真夜中の訪問者
【第三章】真夜中の訪問者
この時代にはもちろん電灯などはなく、あるとしても油を灯すだけの街灯ランプだけだったので夜になると暗闇がトゥナーを覆うのでした。星空も雲で隠れてしまえば暗闇の時代です。しかし、今日にいたっては満月で月明かりもよく、晴れた天気だったので、ニコラスも仕事をいつもよりも遅く続けていました。北国の日没は冬でも19時、ニコラスが仕事を終えて、そろそろ帰ろうと馬車を用意し、乗り込むと真っ白な服を着た女性が宿舎の前でたぶん宿がみつからないのだろう。探し彷徨っているようだったのです。その女性は東洋人のようで、黒くて長い綺麗な髪をしていました。あまり東洋人がいなこの国でこれだけ綺麗な女性はとても目立ちます。宿を探しているこの女性を学校の帰りにニコラスが馬車から声をかけた。
「お嬢さん。宿をお探しでしょうか?」
「はい。ですが、なかなか宿が見つからないのです。」
彼女を馬車の上から間近で見た瞬間ニコラスの胸の鼓動は波打った。だが、困っているであろう女性に対して紳士的に話しかけた。

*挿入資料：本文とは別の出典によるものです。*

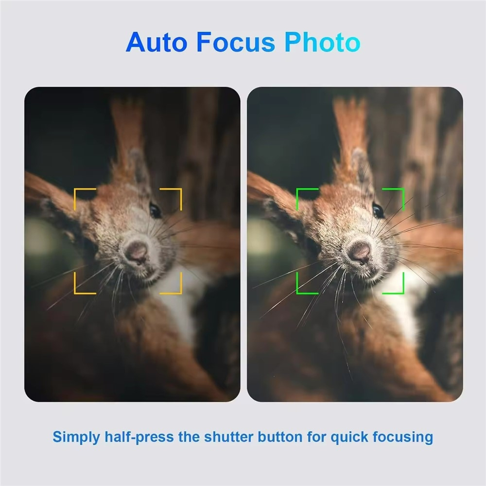 【Autofocus and 16X Digital Zoom】Experience precise autofocus that clearly highlights every detail with half-pressing the shutter button for quick focusing. 16X digital zoom allows you to easily capture breathtaking landscapes from a distance.

「わたくしは、このトゥナーの町で、子どもたちに勉強を教える教師をしているのですが、もしよければ、わたしの屋敷へ今日は来ませんか?さほどのおもてなしは出来ないですが、部屋をお貸することはできますよ」
その優しい雰囲気に彼女も安心したのか、ニコラスの馬車に優しい声でお礼を言いながら乗り込み、邸宅へと向かったのです。
真夜中にチリーンと玄関の鈴が鳴ったのをラースが耳にして弟が来たと思い扉のをあけるとニコラスの隣に、見た事も無いような綺麗な女性を見て一瞬ラースの時間が止まりました。彼女の西洋人には無い温かさを感じるような容姿にニコラス同様心が動かされ言葉を一瞬失ったのです。
「兄さん、町で宿を探してた子だよ。困っていたようだから、今晩泊めてあげるからね。」
ニコラスの言葉に我をとり戻しラースは心とは裏腹な言葉で返した。
「ふん。どこの誰かも分らない人間をお前泊める気なのか?ちゃんと注意しろよ」
そんなラースの言葉を聞いて、あわてながら彼女が言った。
「申し訳ありません。わたしの名前はスネグー・ラチカといいます。一晩だけでも泊めていただけませんか?」
彼女の声は心地よくその名前ラチカという響きは耳に残った。この寒い町に住み、両親を亡くした二人の兄弟の心を不思議と温かさで包んでくれるような錯覚さえするようだったのです・・・
ニコラスはラチカを玄関の中へ案内した後、ブレーキをかけていた馬車を解いて、納車にトナカイたちを連れて行った。